RECORDS TO PROCESS.
* * *

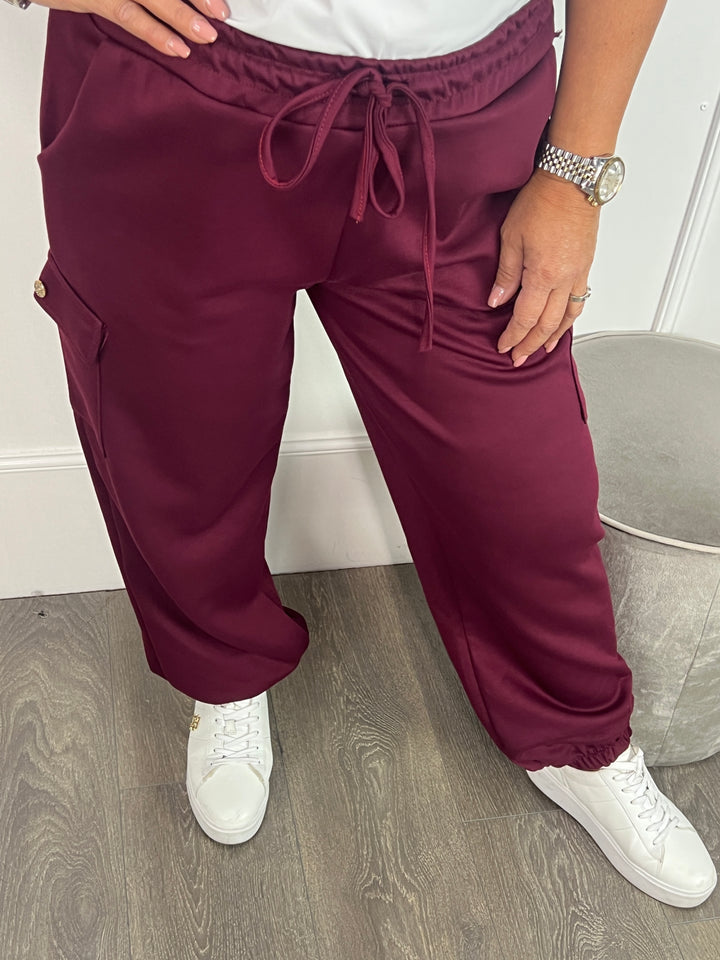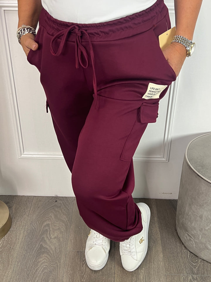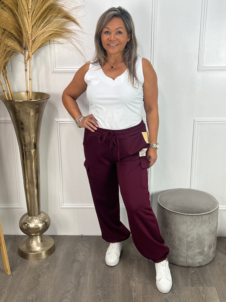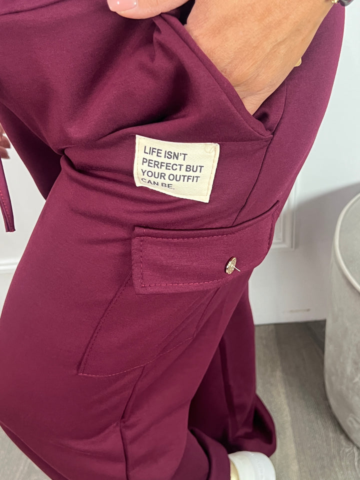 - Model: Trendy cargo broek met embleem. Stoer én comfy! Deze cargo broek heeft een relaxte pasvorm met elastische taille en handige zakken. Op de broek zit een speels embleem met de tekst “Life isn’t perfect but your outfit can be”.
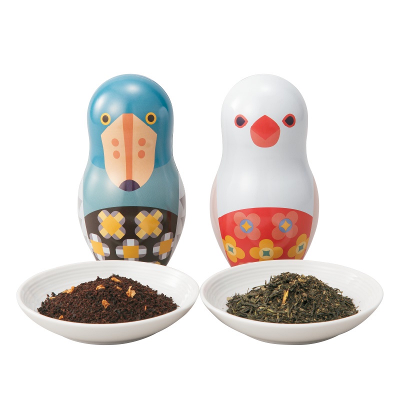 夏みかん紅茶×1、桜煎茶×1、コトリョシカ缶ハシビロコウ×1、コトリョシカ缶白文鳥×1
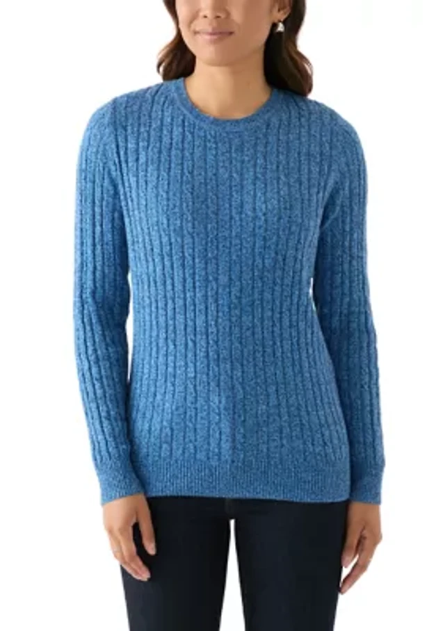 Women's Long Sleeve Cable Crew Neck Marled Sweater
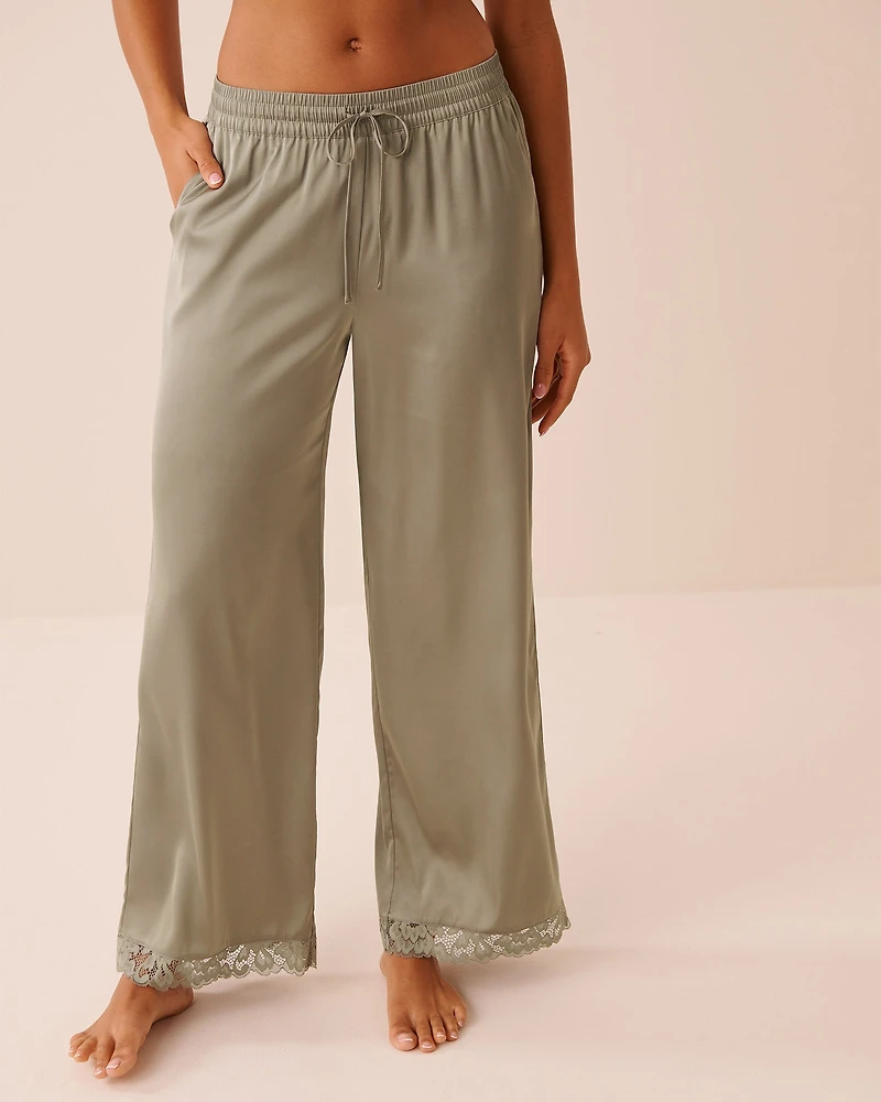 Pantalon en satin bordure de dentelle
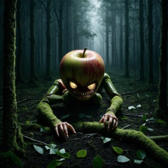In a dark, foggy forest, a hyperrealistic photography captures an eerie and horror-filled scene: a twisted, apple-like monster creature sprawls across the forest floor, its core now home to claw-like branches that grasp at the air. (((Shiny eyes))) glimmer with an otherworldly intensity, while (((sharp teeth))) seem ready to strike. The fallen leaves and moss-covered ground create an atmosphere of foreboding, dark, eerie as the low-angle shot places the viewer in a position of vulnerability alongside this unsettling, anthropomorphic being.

* * *

ACTIVITY.
In the material above, the stretch from the line with "Women's Long Sleeve" through the line with "Pantalon en satin bordure de dentelle" is to be given again exactly, minus the pictures.

EXERCISE SOLUTION.
 Women's Long Sleeve Cable Crew Neck Marled Sweater
 Pantalon en satin bordure de dentelle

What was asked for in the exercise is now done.